I signed up for a 72 hour access at helminc.com and found info on where the floor/panel actuator is located and how to remove it. I took a whole lotta dash apart which in the end wasn't necessary. I found the actuator and learned that it's a three position actuator with two vacuum line connections. One line pulls the diaphragm halfway down when connected to vacuum to enable the panel/floor setting. When the second line is also connected to vacuum, the diaphragm gets pulled down the rest of the way. Anyway, both worked when vacuum was manually applied so it isn't the actuator. I also found the door itself was fine when moved manually. I guess there's a problem with the blend door that is actuated with a stepper motor and driven into its mechanical stops whenever it self calibrates. Luckily that hasn't failed for me.
Next I wanted to test the lines and the back of the EATC is a convenient place. I used a tee and two unions from the hardware store along with some fish air-pump tubing to jump black (vacuum source) to blue and yellow. I was able to control both. This meant that the EATC was the culprit - not applying sufficient vacuum. I'd seen another post about o-rings that go bad and I gave it a shot. Sure enough it worked. While I had the EATC open, I also tested the solenoid resistance and found them all at about 50 Ohms. Must be the o-rings.
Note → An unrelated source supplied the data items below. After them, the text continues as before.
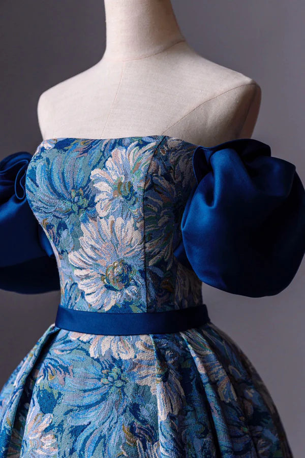 Blue Printed Long A-Line Prom Dress Blue Off the Shoulder Formal Evening Dress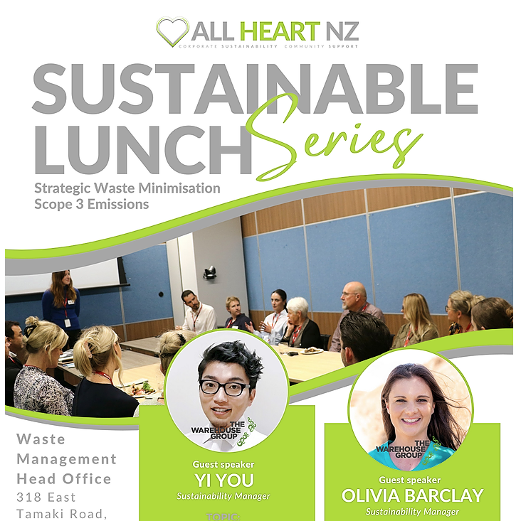 All Heart NZ’s Sustainable Lunch Series aim to educate, connect and empower key decision makers to further their organisation’s sustainability efforts. During each event we hear about different organisation’s strategy and the good work being done. We invite you to join us to learn, network and share your own experiences with like-minded people. In this session hear from guest speakers Yi You and Olivia Barclay, Sustainability Managers at The Warehouse Group.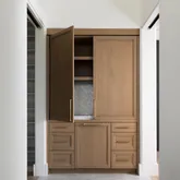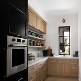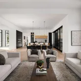 The chef's kitchen is outfitted with Wolf appliances and a generous island, complemented by a butler's pantry that provides additional storage and convenience— ideal for both everyday living and large-scale entertaining.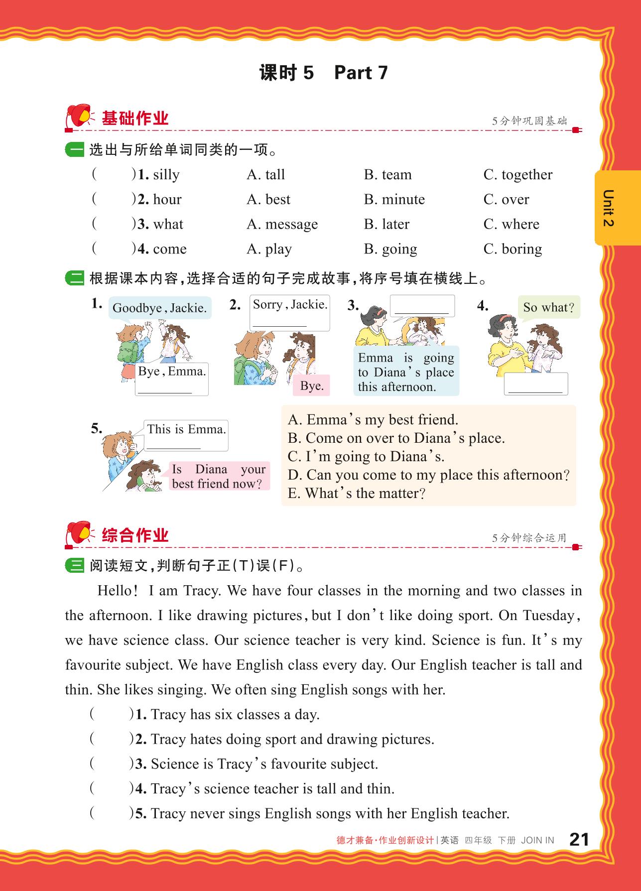2024春下册四年级英语剑桥版 Unit 2—课时 5 Part 7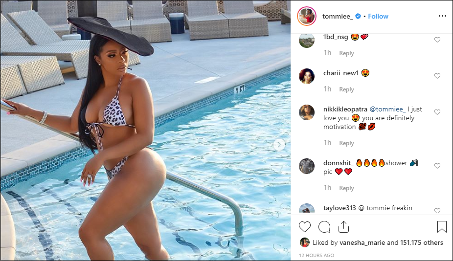 Reality star Tommie Lee set tongues a-wagging yet again with her latest “thirst trap” on social media, sending fans into a frenzy. The “ Love and Hip Hop: Atlanta ” alum wowed this week in a barely-there leopard print bikini, putting her round rump on full display. A dark black fascinator adorned her head as she stepped gracefully out of the pool. Tommie Lee, 35, sends fans swooning with latest Instagram post. (Photo: @Tommiee_ / Instagram) “It Ain’t Gone Neva stop…” Lee captioned the post, which had racked up over 150,000 likes as of Saturday. Fans, in awe of her beauty, wasted no time flooding her page with compliments. “Damnnnn Tommie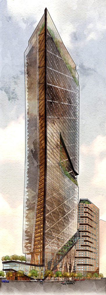 “Architects at Perkins+Willand engineers at Thornton Tomasetti have conceptualized the 80-story River Beech Tower, a mass timber building in Chicago that would have 300 duplex units using an exterior diagrid system that leverages the natural axial strength of timber. This concept has been informed by the recent Skidmore, Owings and Merrill Timber Towers research that shows that timber-concrete hybrid systems can support loads of 82,000 pounds (8 times the required load) along with some steel hybrid systems that could be marketable in terms of bay sizes and floor openings.”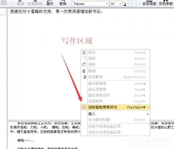 启动方法一:在写作区域,点击鼠标右键,弹出菜单,勾上“启动智能搜索词句”。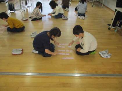 百人一首大会を行いました。何度も練習してきたので、得意な札や上の句で取れる札がたくさんあり、白熱した戦いとなりました。勝った人はもちろん、負けても笑顔で相手を称えることができ、とても立派でした。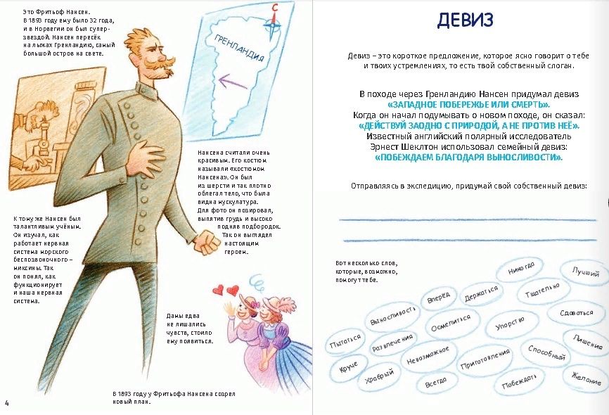 На примере одной из самых героических страниц в истории освоения Арктики - трехлетней экспедиции Фритьофа Нансена к Северному полюсу на шхуне «Фрам», автор дает практические и полезные советы, которые пригодятся в походе. Книга удивительно просто, весело и интересно рассказывает детям о сложных географических понятиях, о животном мире и климате Заполярья, как подготовить экспедицию к Северному полюсу. В ней много практических заданий, лабиринты и кроссворды, которые с интересом можно выполнять всей семьей.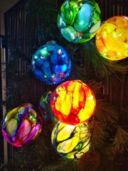 plastic ornaments. Your choice of LED light colors are warm white or multi-color. Batteries included.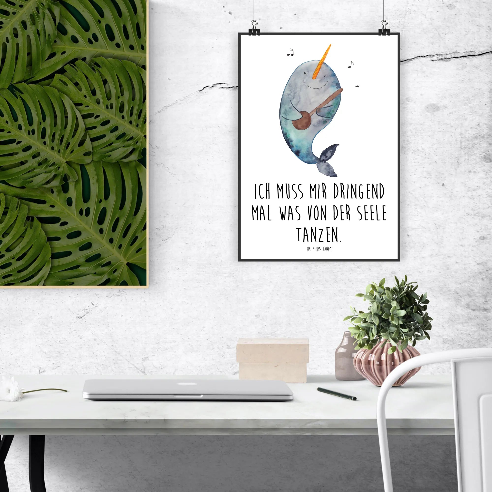 Plakat narwal Gitara - DIN A0 - z napisem - Oceanblue
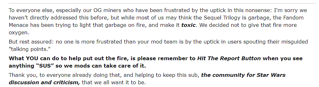 “But rest assured: no one is more frustrated than your mod team is by the uptick in users spouting their misguided ‘talking points.’ What YOU can do to help put out the fire, is please remember to Hit The Report Button when you see anything ‘SUS’ so we mods can take care of it.”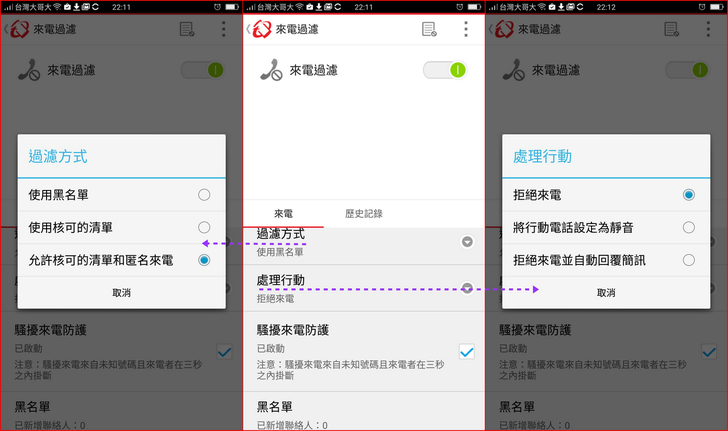 【▼】【趨勢科技行動安全防護】->【來電過濾】,這功能就有點像是whos call,能幫你過濾可疑電話,過濾方式有自訂黑白名單或允許匿名來電等,而處理方式則有拒接、來電自動轉靜音或是自動回覆簡訊等。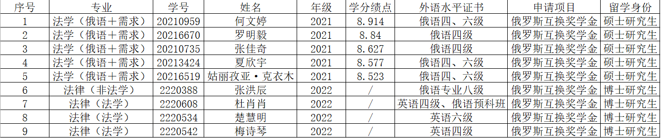 按照《2025/2026年度俄罗斯互换奖学金(中俄政府奖学金)项目遴选工作的通知》要求,根据项目具体介绍以及申请条件要求,经学生自愿申请,学院审核,拟推荐麻豆传媒 以下9名学生申报此项目。现将推荐结果公示如下,公示期为2024年11月5日-7日。对推荐名单若有异议请联系杜老师,0451-86604892。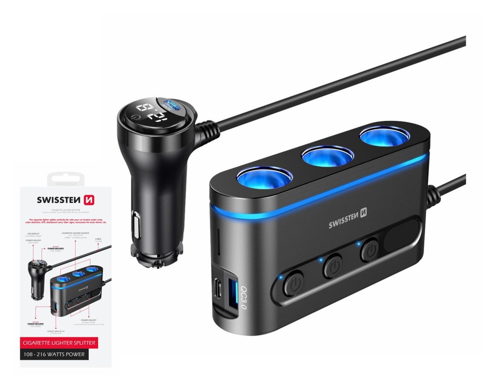 CL splitter má 3x výstup pro CL adaptér, 2x USB-C PD PPS, 1x USB-A QC 3.0 a celkový výkon 108-216W. Indikace napětí palubního akumulátoru.On/Off - Každá CL zásuvka ovladatelná zvlášť.Díky CL rozbočovači můžete používat hned tři zařízení (autochladnička, antiradar, kamera atd.) najednou. Všechny tři CL konektory mají dohromady vysoký výstupní výkon 108-216W.2 výstupy USB-C. Oba dobíjecí porty USB-C disponují technologií rychlého dobíjení Power Delivery o výkonu až 30W.1výstup USB-A. Dobíjecí port USB-A je vybaven technologií rychlého dobíjení Qualcomm 3.0 pro zařízení s OS Android.SpecifikaceVstup: 12V-24V DC 10A. Výstup 3x CL (dohromady): 12V-24V DC 9A.Výstup USB-C 1 PD PPS: 5V DC 3A, 9V DC 3A, 12V DC 2,5A, 3,3V-10V DC 3A, max.30W. Výstup USB-C 2 PD PPS: 5V DC 3A, 9V DC 3A, 12V DC 2,5A, 3,3V-10V DC 3A, max.30W. Výstup USB-A QC 3.0: 5V DC 3A, 9V DC 2A, 12V DC 1,5A. Max výkon 108-216W. Barva: černá. Balení: papírová krabička se závěsem.Doplňkové parametry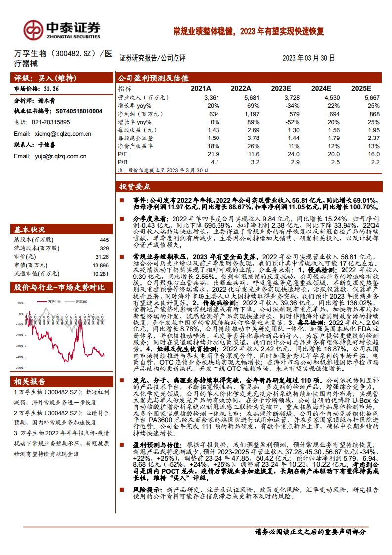 万孚生物在2022年实现了强劲的业绩增长,主要得益于常规业务的恢复和新冠检测产品的贡献,展现了其作为POCT领域龙头的市场地位和运营韧性。尽管短期内受研发投入和资产减值影响,第四季度利润有所承压,但公司常规业务预计在2023年将全面复苏,并有望重回高速增长轨道。通过在化学发光、分子诊断和病理诊断等领域的持续技术创新和新品研发,万孚生物为其中长期业绩增长奠定了坚实基础。同时,报告也提示了新产品研发注册、政策变化和汇率波动等潜在风险。综合来看,公司未来发展前景积极,维持“买入”评级。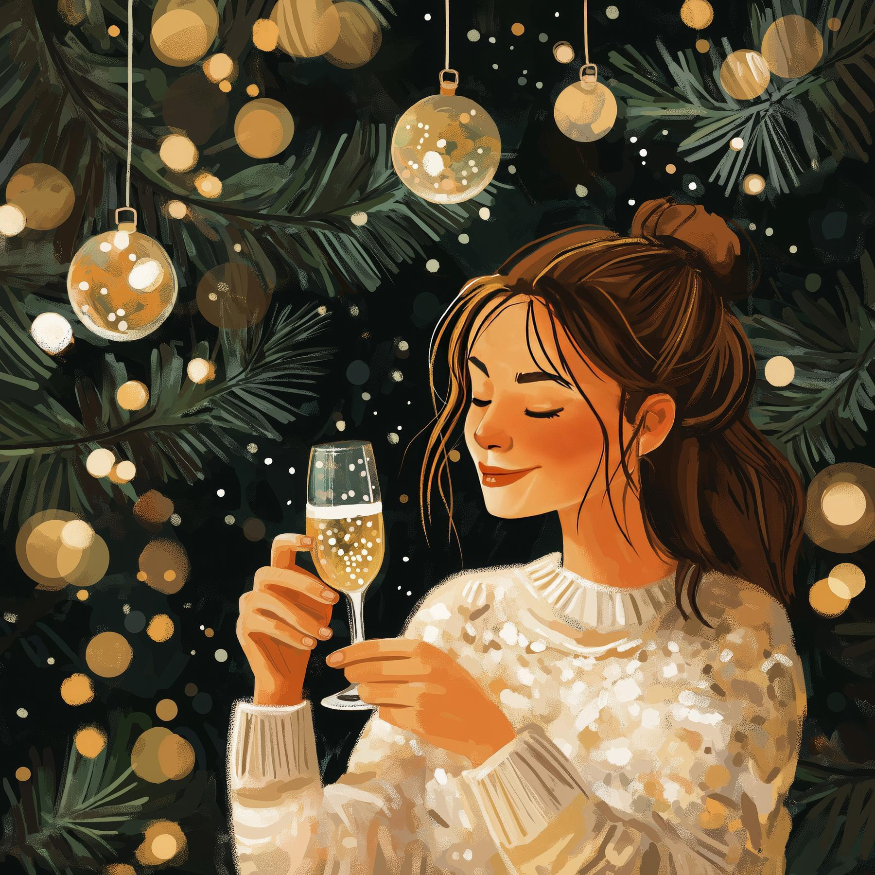 Stellen Sie sich vor, Sie machen es sich in Ihrem Wohnzimmer gemütlich, rundherum funkelnde Lichter, und dieser schöne Leinwanddruck stiehlt Ihnen die Show. Das Leinwandbild “Frau mit einem Glas Champagner unter dem Weihnachtsbaum” fängt diese fröhliche Stimmung perfekt ein. Der sanfte Schein der Ornamente und das heitere Lächeln der Frau verbreiten eine warme, einladende Stimmung, die das Gefühl vermittelt, dass jeder Tag ein Fest ist. Stellen Sie sich vor, Sie treffen sich mit Freunden – das Lachen hallt wider, die Gläser klirren, und in der Luft liegt Festtagsstimmung. Es ist wie eine Umarmung für Ihre Wände, die jeden daran erinnert, innezuhalten und die wichtigen Momente zu genießen. Verleihen Sie Ihrem Raum einen Hauch von Glanz und lassen Sie die Festtage beginnen!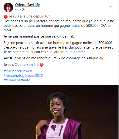 Largement critiqée sur les réseaux sociaux, Odette Savi a tenté d’expliquer son message. « Je suis à la une depuis 48h. Des pages d’un peu partout parlent de moi parce que j’ai dit que je ne peux pas sortir avec un homme qui gagne moins de 500.000f CFA par mois », a-t-elle indiqué.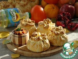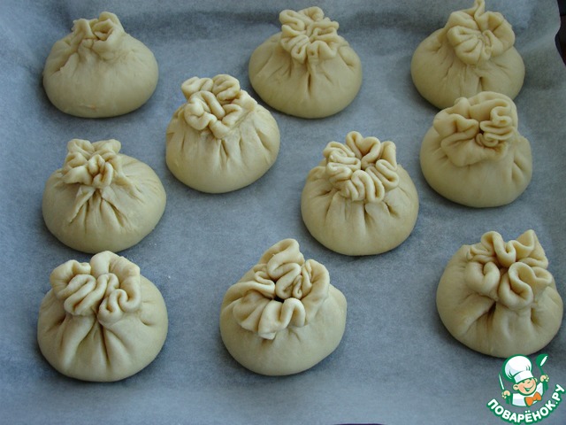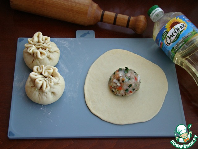 Каждую часть раскатать, положить в середину мясную начинку и свернуть в виде мешочка. -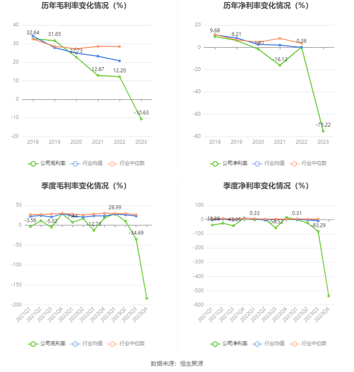 2023年,公司毛利率为-10.63%,同比下降22.83个百分点;净利率为-75.22%,较上年同期下降75.58个百分点。从单季度指标来看,2023年第四季度公司毛利率为-183.54%,同比下降201.83个百分点,环比下降148.85个百分点;净利率为-537.37%,较上年同期下降552.51个百分点,较上一季度下降454.08个百分点。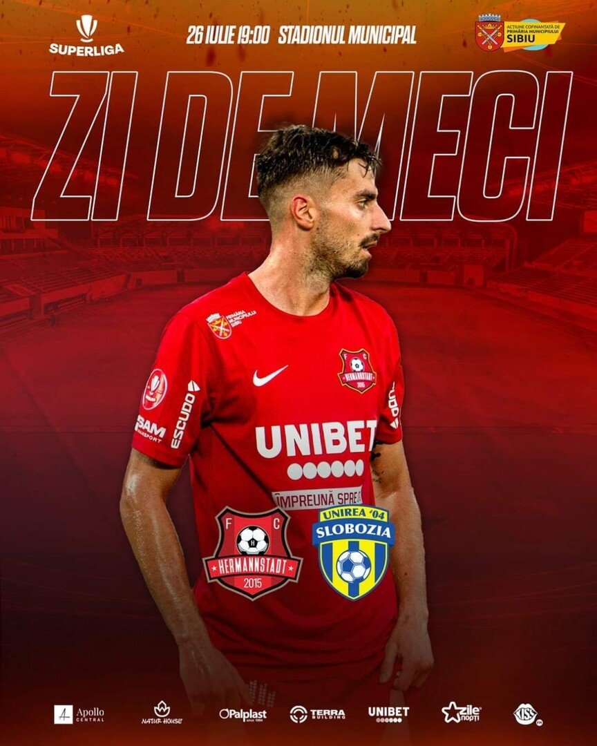 Partida dintre FC Hermannstadt și Unirea Slobozia va avea loc vineri seara, de la ora 19.00, pe stadionul Municipal din Sibiu. Meciul poate fi urmărit și pe Digi Sport și Prima Sport.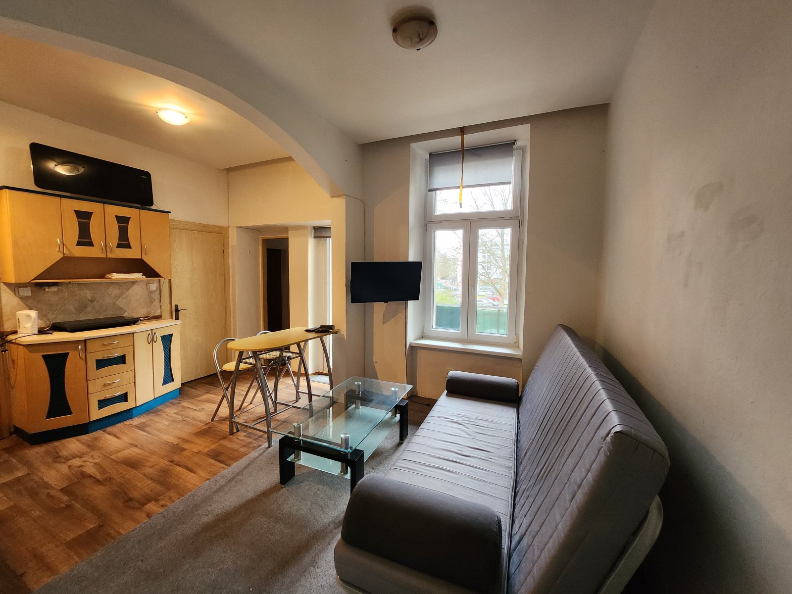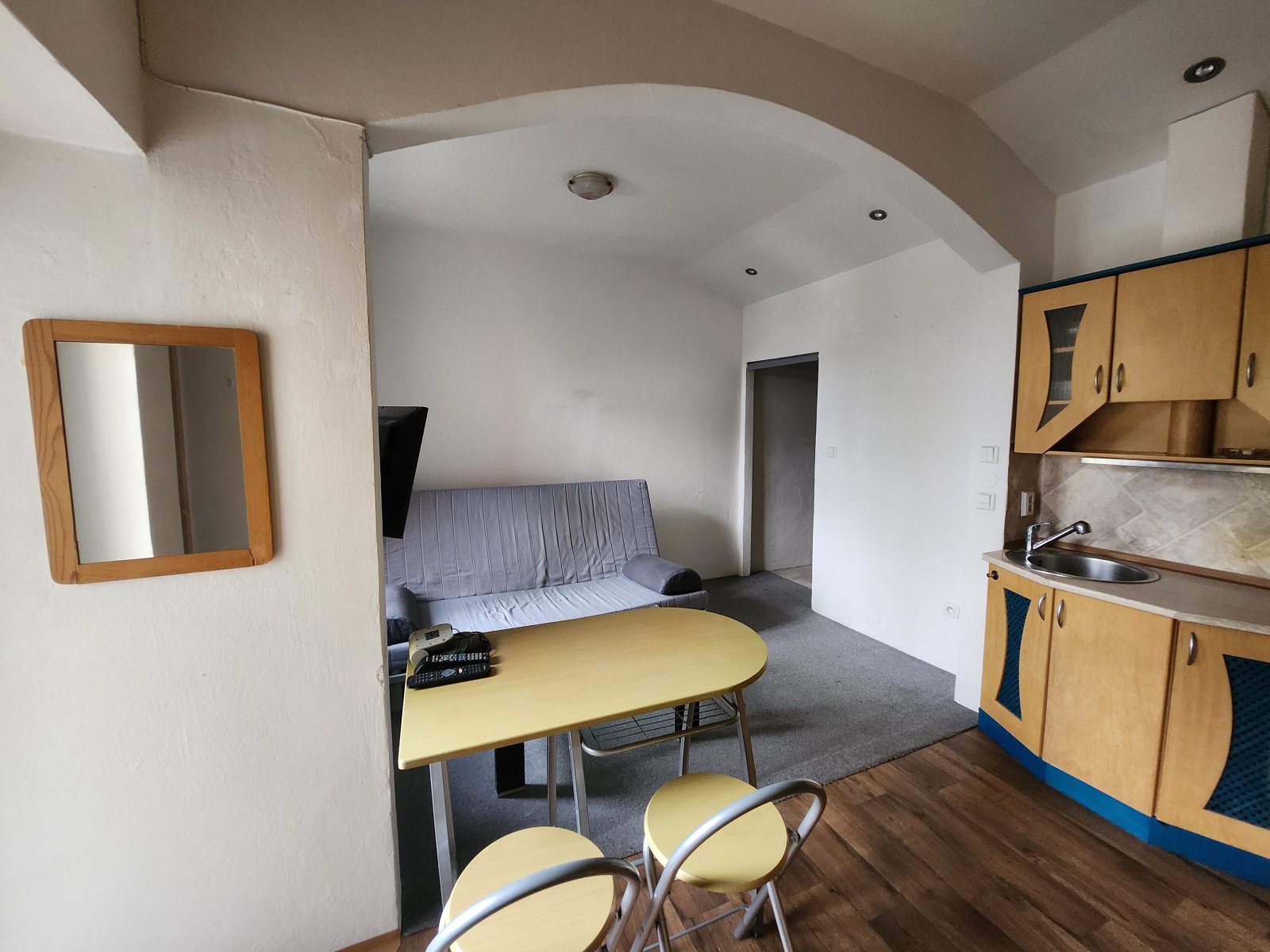 skříňkami, pohovkou, konf. stolkem, kuch. zázemím, spíž, oddělená

I used 5/16" OD, 1/16" material. The post below suggests a 9/32" OD and didn't specify the material size. The original o-rings didn't look damaged and the material diameter was much smaller than 1/16". I first tried just spraying some silicone on the components but that didn't help. As soon as I put the new (slightly larger) o-rings in, the problem was solved. I can control floor, panel/floor and no-floor correctly. Yay!
See the o-ring replacement post here. A lot cheaper than a new EATC.
EATC is Rebuildable
BTW, the EATC passed the self diagnostic even when it had the o-ring failure.